Records from a data source:
******
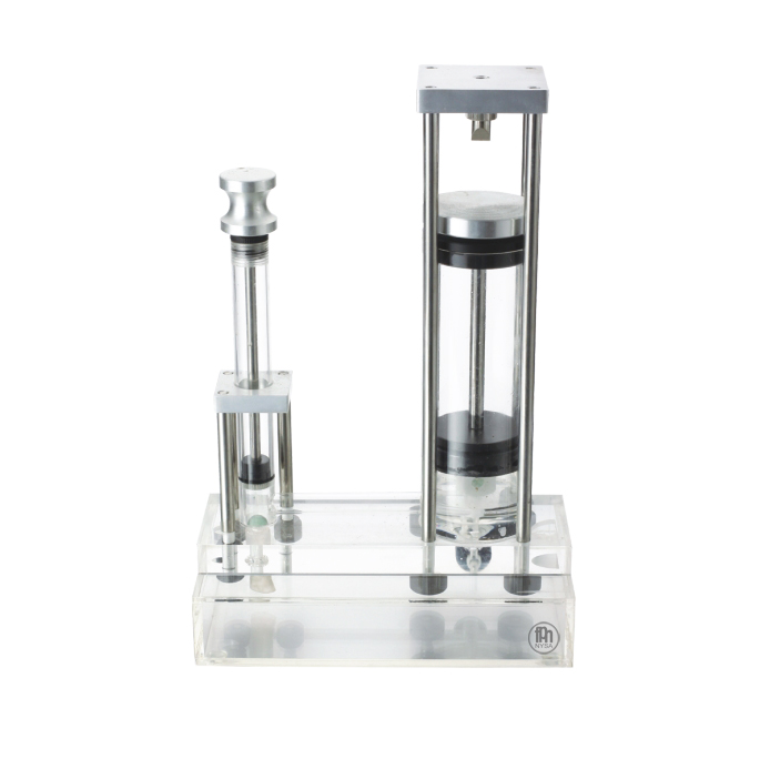 Działający model przeznaczony do demonstracji technicznych pras hydraulicznych, wykonany z przezroczystego tworzywa, dzięki czemu przedstawienie ich budowy i wyjaśnienie zasady działania staje się znacznie prostsze. Umożliwia przecinanie drewnianych elementów, tj. wykałaczka, zapałka, czy nawet miękkich drutów. Składa się z zespołu dwóch cylindrów o różnych średnicach, z tłokami, osadzonego na podstawie w postaci zbiornika prostopadłościennego wypełnionego cieczą roboczą (wodą). Mniejszy cylinder służy jako pompka; większy natomiast umieszczony jest pod płytą zwieńczającą konstrukcję, zaopatrzoną w ostrze do przecinania małych elementów. W dolnej części dużego cylindra, z przodu modelu znajduje się zawór do spuszczania cieczy roboczej.
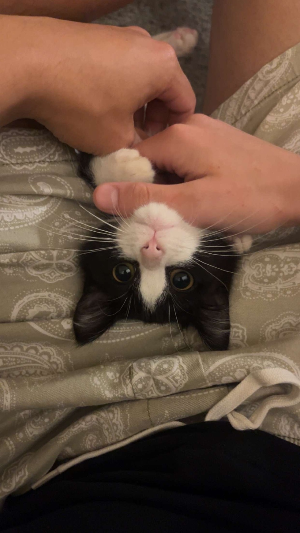 I met Tito at the Kansas Humane Society. When we first adopted him, he was sick with a kitty cold and slightly underweight. He had also gone under surgery a day before we adopted him. Despite all this, Tito was incredibly playful with us and we just knew how much of a joy he would be to have at home. He helped me get through the home sickness that I was having as I recently moved from Oklahoma. We related in that way, knowing that everything was new and scary, but we had each other so it was all going to be okay.
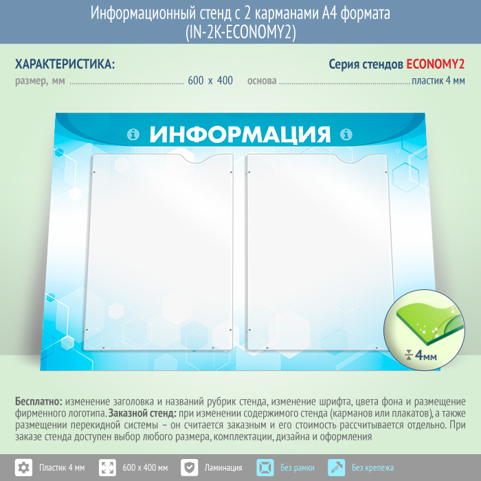 Информационный стенд с 2 карманами А4 формата (IN-2K-ECONOMY2) в Ижевске купить
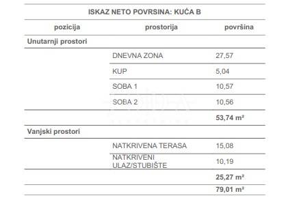 Die Wohnung im ersten Stock erstreckt sich über 79,01 m und umfasst zwei Schlafzimmer von 10,56 m und 10,57 m, ein Wohnzimmer mit einer Fläche von 27,57 m, ein Badezimmer (5,04 m) sowie eine Terrasse mit überdachtem Eingang.
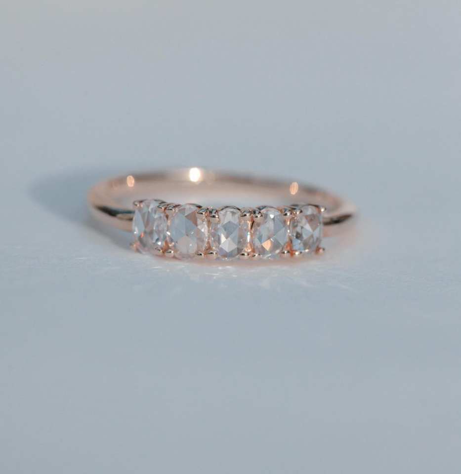 5x3มม. รูปไข่ CZ ครึ่งนิรันดร์แต่งงานวงสีโรสโกลด์
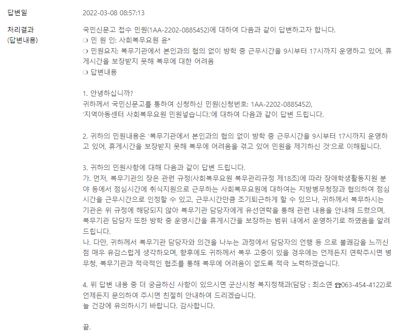 그 후로 병무청 주무관님께서 저에게 전화가 와서 문제를 말씀드리고 주무관님께서 따로 본청에 문의를 하셔서 근무시간 조정은 합의가 필요하고 기관장 재량으로 할수있는 것은 따로
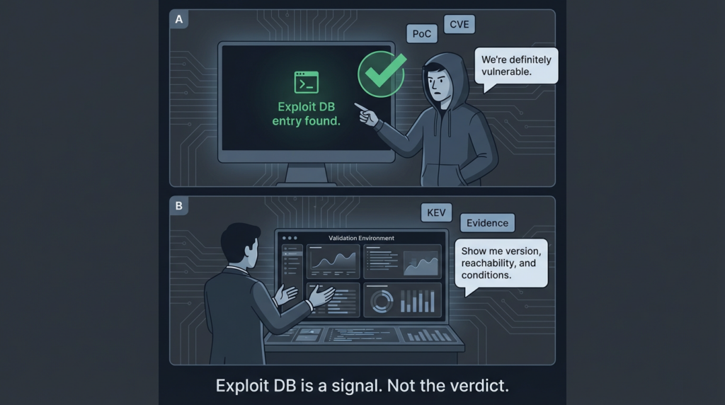 This is exactly why experienced teams do not ask only “Is there an Exploit-DB entry?” They ask:
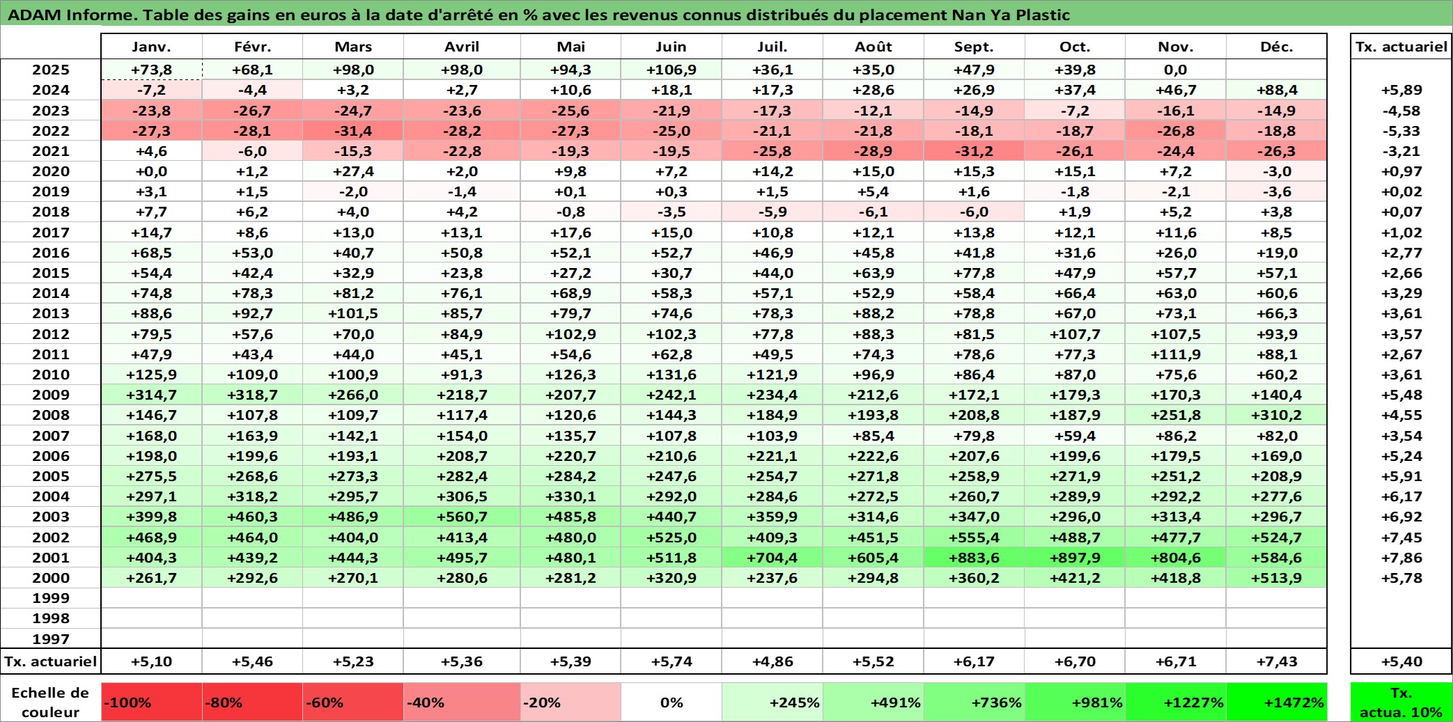 Dernière perfo 10 ans en %
******
### YOUR INSTRUCTIONS
In the records above, find the line that contains "Die Wohnung im" and repeat exactly that line and all lines after it to the end. Do not include pictures.

### EXERCISE OUTPUT
 Die Wohnung im ersten Stock erstreckt sich über 79,01 m und umfasst zwei Schlafzimmer von 10,56 m und 10,57 m, ein Wohnzimmer mit einer Fläche von 27,57 m, ein Badezimmer (5,04 m) sowie eine Terrasse mit überdachtem Eingang.
 5x3มม. รูปไข่ CZ ครึ่งนิรันดร์แต่งงานวงสีโรสโกลด์
 그 후로 병무청 주무관님께서 저에게 전화가 와서 문제를 말씀드리고 주무관님께서 따로 본청에 문의를 하셔서 근무시간 조정은 합의가 필요하고 기관장 재량으로 할수있는 것은 따로
 This is exactly why experienced teams do not ask only “Is there an Exploit-DB entry?” They ask:
 Dernière perfo 10 ans en %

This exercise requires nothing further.